■ Task to complete:
When you copy the listing, reproduce each line as it appears and omit every image.

■ Data:
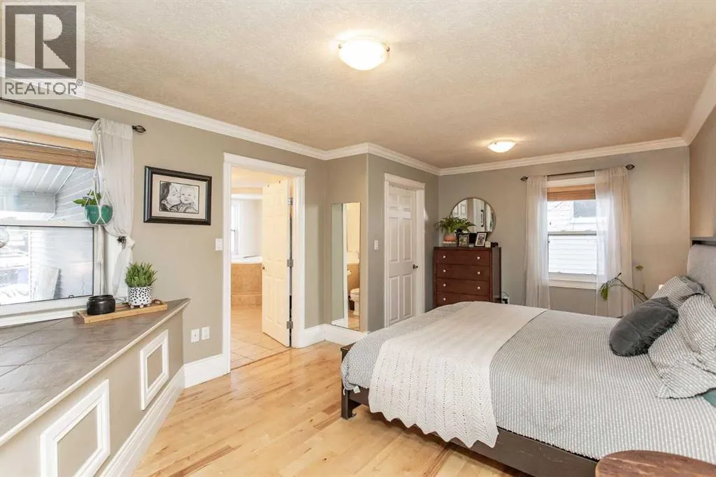 Beautifully renovated and rebuilt 2 story home situated on a gorgeous tree lined street. Exceptional curb appeal this home stands out from the rest. Offering a fenced front yard section for added privacy, huge covered front porch ideal for relaxing and savoring a morning coffee on plus decorative stone pillars give it a rustic wood feel. Follow inside to find the open and inviting floor plan. Complimented with maple hardwood floors and ceramic tile throughout for durability. Large family room with picture window allows plenty of natural light to come in plus the crown molding along the ceiling lines add to the finishing. An absolute chefs dream for a kitchen design offering full surround Silestone quartz counters, undermount sink, built in oven and microwave, loads of cabinet space and drawers, coffee bar station plus a center island with gas cook top, hanging exhaust fan and Butcher Block counter top. Huge walk in pantry with floor to ceiling shelving plus there is a trap door leading to an additional storage space below. Enjoy the crackling free standing wood fireplace just off the dining area adding ambience to a winter day. The sumptuous main level Primary bedroom is a true retreat away. Plenty of room for your King size furniture, large walk in closet plus a spa like en suite offering dual vanity, walk in double shower plus a soothing two person corner air tub. Head upstairs and you will find three large, comfortable bedrooms with ample space providing flexibility for growing families or guest accommodations. Fully developed basement offers a great amount of space for recreation and entertainment. Enjoy your favorite streaming in the private media room with trayed lighting plus your own wet bar. Games area perfect for the kids to have fun in plus the office/den is great for work space or studio area. The mechanical/laundry room is equipped with wash basin, functioning toilet, two newer hot water tanks, high efficiency furnace plus built in vac. Main plumbing stack has been replaced with back water valve plus new electrical panel in home as well. Home was also renovated to incorporate thermal break technology. Staggered stud framing greatly mitigates cold penetration, manages heat penetration and also minimizes noise transfer for added comfort. There is a spacious covered back deck which even offers a gas line for the bbq allowing you to grill year round. The beautiful mature yard comes with its own food forest label boasting raspberry, blueberry, black current bushes plus an apple tree. Firepit area great for sitting around and making memories. Large 24 x 24 heated garage ideal for vehicle storage plus there is even room for RV parking as well there is a garden shed perfect for seasonal items. Home is perfectly located just a short block to the incredible Waskasoo trail system and within walking distance to a number of schools, Kerry Wood Nature Center and for entertainment head to the Memorial Center for live performances. (id:27476)
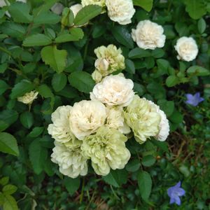 ミニバラのグリーンアイスとカンパニュラメリーベルです。 グリーンアイスは暑いのに花付きが良くて、病気にも強いしお気に入りです😍 メリーベルは去年から育ててるけどワサワサ茂るばっかりで満開になったことがないからちょっと悲しいです😢
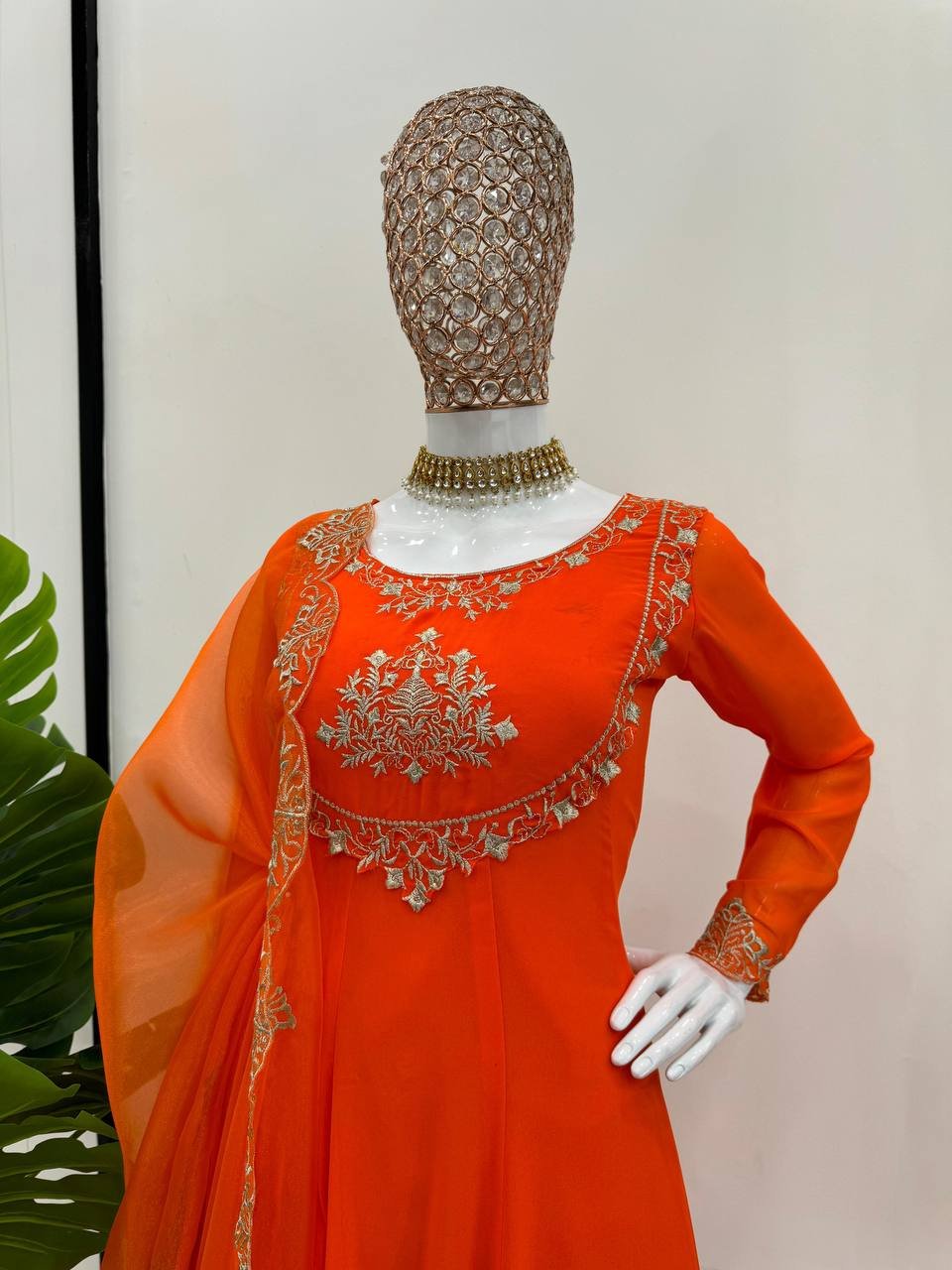 Be the first to review “Women’s Faux Georgette Thread Work Kurta Pant Set with Organza Cutwork Dupatta | BRAD LEEZO” Cancel reply

■ Response:
 Beautifully renovated and rebuilt 2 story home situated on a gorgeous tree lined street. Exceptional curb appeal this home stands out from the rest. Offering a fenced front yard section for added privacy, huge covered front porch ideal for relaxing and savoring a morning coffee on plus decorative stone pillars give it a rustic wood feel. Follow inside to find the open and inviting floor plan. Complimented with maple hardwood floors and ceramic tile throughout for durability. Large family room with picture window allows plenty of natural light to come in plus the crown molding along the ceiling lines add to the finishing. An absolute chefs dream for a kitchen design offering full surround Silestone quartz counters, undermount sink, built in oven and microwave, loads of cabinet space and drawers, coffee bar station plus a center island with gas cook top, hanging exhaust fan and Butcher Block counter top. Huge walk in pantry with floor to ceiling shelving plus there is a trap door leading to an additional storage space below. Enjoy the crackling free standing wood fireplace just off the dining area adding ambience to a winter day. The sumptuous main level Primary bedroom is a true retreat away. Plenty of room for your King size furniture, large walk in closet plus a spa like en suite offering dual vanity, walk in double shower plus a soothing two person corner air tub. Head upstairs and you will find three large, comfortable bedrooms with ample space providing flexibility for growing families or guest accommodations. Fully developed basement offers a great amount of space for recreation and entertainment. Enjoy your favorite streaming in the private media room with trayed lighting plus your own wet bar. Games area perfect for the kids to have fun in plus the office/den is great for work space or studio area. The mechanical/laundry room is equipped with wash basin, functioning toilet, two newer hot water tanks, high efficiency furnace plus built in vac. Main plumbing stack has been replaced with back water valve plus new electrical panel in home as well. Home was also renovated to incorporate thermal break technology. Staggered stud framing greatly mitigates cold penetration, manages heat penetration and also minimizes noise transfer for added comfort. There is a spacious covered back deck which even offers a gas line for the bbq allowing you to grill year round. The beautiful mature yard comes with its own food forest label boasting raspberry, blueberry, black current bushes plus an apple tree. Firepit area great for sitting around and making memories. Large 24 x 24 heated garage ideal for vehicle storage plus there is even room for RV parking as well there is a garden shed perfect for seasonal items. Home is perfectly located just a short block to the incredible Waskasoo trail system and within walking distance to a number of schools, Kerry Wood Nature Center and for entertainment head to the Memorial Center for live performances. (id:27476)
 ミニバラのグリーンアイスとカンパニュラメリーベルです。 グリーンアイスは暑いのに花付きが良くて、病気にも強いしお気に入りです😍 メリーベルは去年から育ててるけどワサワサ茂るばっかりで満開になったことがないからちょっと悲しいです😢
 Be the first to review “Women’s Faux Georgette Thread Work Kurta Pant Set with Organza Cutwork Dupatta | BRAD LEEZO” Cancel reply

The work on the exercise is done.